▸ **Problem to solve**
An exact copy of the whole listing is required.

▸ **Record extracts**
⁂

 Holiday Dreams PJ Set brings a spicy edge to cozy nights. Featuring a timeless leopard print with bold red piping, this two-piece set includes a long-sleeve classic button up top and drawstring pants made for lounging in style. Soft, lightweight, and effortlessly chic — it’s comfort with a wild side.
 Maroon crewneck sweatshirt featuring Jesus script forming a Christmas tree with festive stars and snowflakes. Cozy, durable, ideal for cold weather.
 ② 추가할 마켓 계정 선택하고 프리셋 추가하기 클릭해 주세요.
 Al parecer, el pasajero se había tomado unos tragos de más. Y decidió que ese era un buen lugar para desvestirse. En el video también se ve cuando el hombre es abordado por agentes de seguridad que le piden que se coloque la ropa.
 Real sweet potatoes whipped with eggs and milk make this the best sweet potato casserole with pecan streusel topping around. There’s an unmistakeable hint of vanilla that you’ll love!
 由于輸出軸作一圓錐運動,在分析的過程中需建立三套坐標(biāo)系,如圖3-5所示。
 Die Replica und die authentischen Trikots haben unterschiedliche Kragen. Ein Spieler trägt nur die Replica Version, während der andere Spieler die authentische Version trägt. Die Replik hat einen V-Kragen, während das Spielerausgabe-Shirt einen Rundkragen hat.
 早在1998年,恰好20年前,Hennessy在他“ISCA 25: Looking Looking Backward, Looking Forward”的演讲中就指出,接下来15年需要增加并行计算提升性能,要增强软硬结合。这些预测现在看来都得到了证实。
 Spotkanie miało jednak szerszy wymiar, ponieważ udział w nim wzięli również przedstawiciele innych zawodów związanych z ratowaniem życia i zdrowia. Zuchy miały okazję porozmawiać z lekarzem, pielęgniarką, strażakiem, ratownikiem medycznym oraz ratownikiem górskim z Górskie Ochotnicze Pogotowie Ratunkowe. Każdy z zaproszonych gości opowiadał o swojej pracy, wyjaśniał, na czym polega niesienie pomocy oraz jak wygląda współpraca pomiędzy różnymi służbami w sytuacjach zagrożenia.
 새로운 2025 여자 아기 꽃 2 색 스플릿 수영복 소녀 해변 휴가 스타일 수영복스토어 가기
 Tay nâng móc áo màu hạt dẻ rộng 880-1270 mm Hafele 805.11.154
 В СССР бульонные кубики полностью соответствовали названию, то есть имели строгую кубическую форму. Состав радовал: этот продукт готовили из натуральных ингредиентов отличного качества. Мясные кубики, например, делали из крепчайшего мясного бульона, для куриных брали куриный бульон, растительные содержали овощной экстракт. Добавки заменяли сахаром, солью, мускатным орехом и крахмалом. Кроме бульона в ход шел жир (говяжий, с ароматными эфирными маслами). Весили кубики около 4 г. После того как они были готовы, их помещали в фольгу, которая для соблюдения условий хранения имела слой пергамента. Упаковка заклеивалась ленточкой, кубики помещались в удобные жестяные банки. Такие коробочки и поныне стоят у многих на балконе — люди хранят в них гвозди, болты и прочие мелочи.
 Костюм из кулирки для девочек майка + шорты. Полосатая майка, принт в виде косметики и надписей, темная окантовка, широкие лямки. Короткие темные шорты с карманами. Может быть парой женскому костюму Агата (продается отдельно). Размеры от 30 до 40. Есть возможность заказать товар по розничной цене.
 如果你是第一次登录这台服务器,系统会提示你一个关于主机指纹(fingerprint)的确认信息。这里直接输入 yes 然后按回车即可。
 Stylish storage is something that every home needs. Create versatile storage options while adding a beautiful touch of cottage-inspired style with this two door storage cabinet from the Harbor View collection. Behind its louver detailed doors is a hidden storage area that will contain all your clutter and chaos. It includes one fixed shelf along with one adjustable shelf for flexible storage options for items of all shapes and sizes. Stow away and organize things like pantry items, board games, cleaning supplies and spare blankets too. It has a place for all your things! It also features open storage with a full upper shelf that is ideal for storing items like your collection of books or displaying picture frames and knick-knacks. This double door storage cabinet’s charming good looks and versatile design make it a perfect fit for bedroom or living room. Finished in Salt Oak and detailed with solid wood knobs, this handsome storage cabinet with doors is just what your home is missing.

⁂

▸ **Your response**
 Holiday Dreams PJ Set brings a spicy edge to cozy nights. Featuring a timeless leopard print with bold red piping, this two-piece set includes a long-sleeve classic button up top and drawstring pants made for lounging in style. Soft, lightweight, and effortlessly chic — it’s comfort with a wild side.
 Maroon crewneck sweatshirt featuring Jesus script forming a Christmas tree with festive stars and snowflakes. Cozy, durable, ideal for cold weather.
 ② 추가할 마켓 계정 선택하고 프리셋 추가하기 클릭해 주세요.
 Al parecer, el pasajero se había tomado unos tragos de más. Y decidió que ese era un buen lugar para desvestirse. En el video también se ve cuando el hombre es abordado por agentes de seguridad que le piden que se coloque la ropa.
 Real sweet potatoes whipped with eggs and milk make this the best sweet potato casserole with pecan streusel topping around. There’s an unmistakeable hint of vanilla that you’ll love!
 由于輸出軸作一圓錐運動,在分析的過程中需建立三套坐標(biāo)系,如圖3-5所示。
 Die Replica und die authentischen Trikots haben unterschiedliche Kragen. Ein Spieler trägt nur die Replica Version, während der andere Spieler die authentische Version trägt. Die Replik hat einen V-Kragen, während das Spielerausgabe-Shirt einen Rundkragen hat.
 早在1998年,恰好20年前,Hennessy在他“ISCA 25: Looking Looking Backward, Looking Forward”的演讲中就指出,接下来15年需要增加并行计算提升性能,要增强软硬结合。这些预测现在看来都得到了证实。
 Spotkanie miało jednak szerszy wymiar, ponieważ udział w nim wzięli również przedstawiciele innych zawodów związanych z ratowaniem życia i zdrowia. Zuchy miały okazję porozmawiać z lekarzem, pielęgniarką, strażakiem, ratownikiem medycznym oraz ratownikiem górskim z Górskie Ochotnicze Pogotowie Ratunkowe. Każdy z zaproszonych gości opowiadał o swojej pracy, wyjaśniał, na czym polega niesienie pomocy oraz jak wygląda współpraca pomiędzy różnymi służbami w sytuacjach zagrożenia.
 새로운 2025 여자 아기 꽃 2 색 스플릿 수영복 소녀 해변 휴가 스타일 수영복스토어 가기
 Tay nâng móc áo màu hạt dẻ rộng 880-1270 mm Hafele 805.11.154
 В СССР бульонные кубики полностью соответствовали названию, то есть имели строгую кубическую форму. Состав радовал: этот продукт готовили из натуральных ингредиентов отличного качества. Мясные кубики, например, делали из крепчайшего мясного бульона, для куриных брали куриный бульон, растительные содержали овощной экстракт. Добавки заменяли сахаром, солью, мускатным орехом и крахмалом. Кроме бульона в ход шел жир (говяжий, с ароматными эфирными маслами). Весили кубики около 4 г. После того как они были готовы, их помещали в фольгу, которая для соблюдения условий хранения имела слой пергамента. Упаковка заклеивалась ленточкой, кубики помещались в удобные жестяные банки. Такие коробочки и поныне стоят у многих на балконе — люди хранят в них гвозди, болты и прочие мелочи.
 Костюм из кулирки для девочек майка + шорты. Полосатая майка, принт в виде косметики и надписей, темная окантовка, широкие лямки. Короткие темные шорты с карманами. Может быть парой женскому костюму Агата (продается отдельно). Размеры от 30 до 40. Есть возможность заказать товар по розничной цене.
 如果你是第一次登录这台服务器,系统会提示你一个关于主机指纹(fingerprint)的确认信息。这里直接输入 yes 然后按回车即可。
 Stylish storage is something that every home needs. Create versatile storage options while adding a beautiful touch of cottage-inspired style with this two door storage cabinet from the Harbor View collection. Behind its louver detailed doors is a hidden storage area that will contain all your clutter and chaos. It includes one fixed shelf along with one adjustable shelf for flexible storage options for items of all shapes and sizes. Stow away and organize things like pantry items, board games, cleaning supplies and spare blankets too. It has a place for all your things! It also features open storage with a full upper shelf that is ideal for storing items like your collection of books or displaying picture frames and knick-knacks. This double door storage cabinet’s charming good looks and versatile design make it a perfect fit for bedroom or living room. Finished in Salt Oak and detailed with solid wood knobs, this handsome storage cabinet with doors is just what your home is missing.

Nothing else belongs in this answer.